This month we heard from Jennifer Hamburg who spoke about writing for children's television. In addition to being an Emmy-winning children’s television writer and story editor, she is also the author of picture books A MOOSE THAT SAYS MOO, MONKEY AND DUCK QUACK UP!, and the upcoming BILLY BOO IS STUCK IN GOO picture book and HAZY BLOOM middle grade series. Jennifer started by telling us how she got started in writing for children's television. After working in several local theaters and writing scripts for children's theater in Austin, she moved to New York, got her book of plays published, and pursued a graduate degree from Columbia. After graduating she wanted to do educational research, and landed a job with Dr. Alice Wilder, head of research and development for Blue's Clues. While Jennifer was thrilled to be doing research to develop various children's programs, she continued to pursue her desire to write for children's television and got her first break when she wrote a script for Little Einsteins.

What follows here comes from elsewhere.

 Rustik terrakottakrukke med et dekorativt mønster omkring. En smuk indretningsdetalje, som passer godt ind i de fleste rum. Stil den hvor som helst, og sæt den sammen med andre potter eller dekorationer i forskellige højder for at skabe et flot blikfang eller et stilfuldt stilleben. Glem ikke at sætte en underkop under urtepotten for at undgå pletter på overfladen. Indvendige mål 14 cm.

Jennifer explained that most writers for chidlren's television are freelance, but there are head writers as well who work specifcally for one show. She is able to work from her current home in Houston, Texas because of the contacts she made while still in New York. She explained the process of writing a script for a children's television, which begins with brainstorming and pitches. In this phase, she is on the phone with various writers who work together to come up with ideas for stories. They pitch ideas and talk about which characters to feature. This process is driven by curriculum, the characters, and a possible season arc (such as having a new baby or adopting). Different shows have different curriculums. For example, Daniel Tiger's Neighborhood has a social and emotional curriculum that includes themes like sharing or what to do if you get hurt. This initial stage of development ends with a story assignment to develop into a story idea.

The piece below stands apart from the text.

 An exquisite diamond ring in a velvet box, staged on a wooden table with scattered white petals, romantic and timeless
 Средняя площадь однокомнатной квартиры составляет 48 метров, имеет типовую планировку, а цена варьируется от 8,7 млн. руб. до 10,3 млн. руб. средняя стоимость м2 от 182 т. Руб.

The next stage is working out the story idea into a one page premise to give to the producer and network. This will include an overview of the story and conveys the main conflict, resolution and takeaway. It will also establish the curriculum goals and include the song placement and theme. Most children's shows include songs within the episode which are produced by a composer. After turning this in, the writer will receive notes from various departments. Production will consider what is possible to do in an episode, and the cost. If the shoot requires a beach scene, they may suggest changing it to a park scene if they already have a park set. The writer will often negotiate to serve the best possible story while still staying within the confines of budget. The research department will consider if the theme is age appropriate and offer additional notes if necessary.
Once the writer has all the notes back, they develop an outline, which will generally be four to five pages and will give the flavor of the episode. This is where the bulk of the work happens. Jennifer explained that each of these stages generally takes about a week, with a couple weeks in between to get back notes and feedback. In the outline, the writer irons out story points, the flow and the arc. She will establish scenes and play with the order, try out dialogue, and establish beats. Beats are the moments within the scene when something new happens. For example, two characters are sitting in the kitchen having breakfast. The mother walks in and drops a carton of milk, making a huge mess. This is the beat that keeps the action moving. In the outline, the writer will also make sure that the pacing works, establish the three acts of the episode, and work out any production concerns. The goal is to get all questions resolved during the outline stage, so the actual draft is fun to write. It should include one conflict, with no subplots, so the preschool audience will be able to follow it.
The first draft is where the writer's creativity will roam free, within the structure of the outline. The script will follow the outline, address any notes, and should be as final as possible, even though the writer will technically turn in their "first draft." It needs to be as close to ready as they can get it. Jennifer will have other readers look at her script before turning it in, and makes sure to include where the songs will be placed and all "show standards." These are things that are standard to the show or a character. For example, Daniel Tiger always opens his door and waves at the beginning of the show, or maybe a voice-over announces the name of the episode each time.
A research report follows the first draft. Researchers take the writer's script into local schools in the New York area, along with still pictures, and get their feedback. They let the writer know what they do and don't understand, whether or not they get the jokes, and if they generally liked the episode. This was the kind of work Jennifer used to do when she was just beginning in the industry, and she values the opinions of kids (though she is appalled that the ones in Manhattan didn't know what hopscotch was!). The last stage is the post production draft, in which any additional notes are incorporated and line counts are included to ensure that the script is the right length.
Jennifer has worked on shows for Disney Junior, Nick Jr., PBS Kids, and Amazon Studios, on hit shows such as Doc McStuffins, Daniel Tiger’s Neighborhood, Super Why!, Henry Hugglemonster, and Creative Galaxy. She generously shared her expertise with our chapter, enlightening us to the hard work and details that go into writing shows for some of the youngest of children. We were so thankful for her time!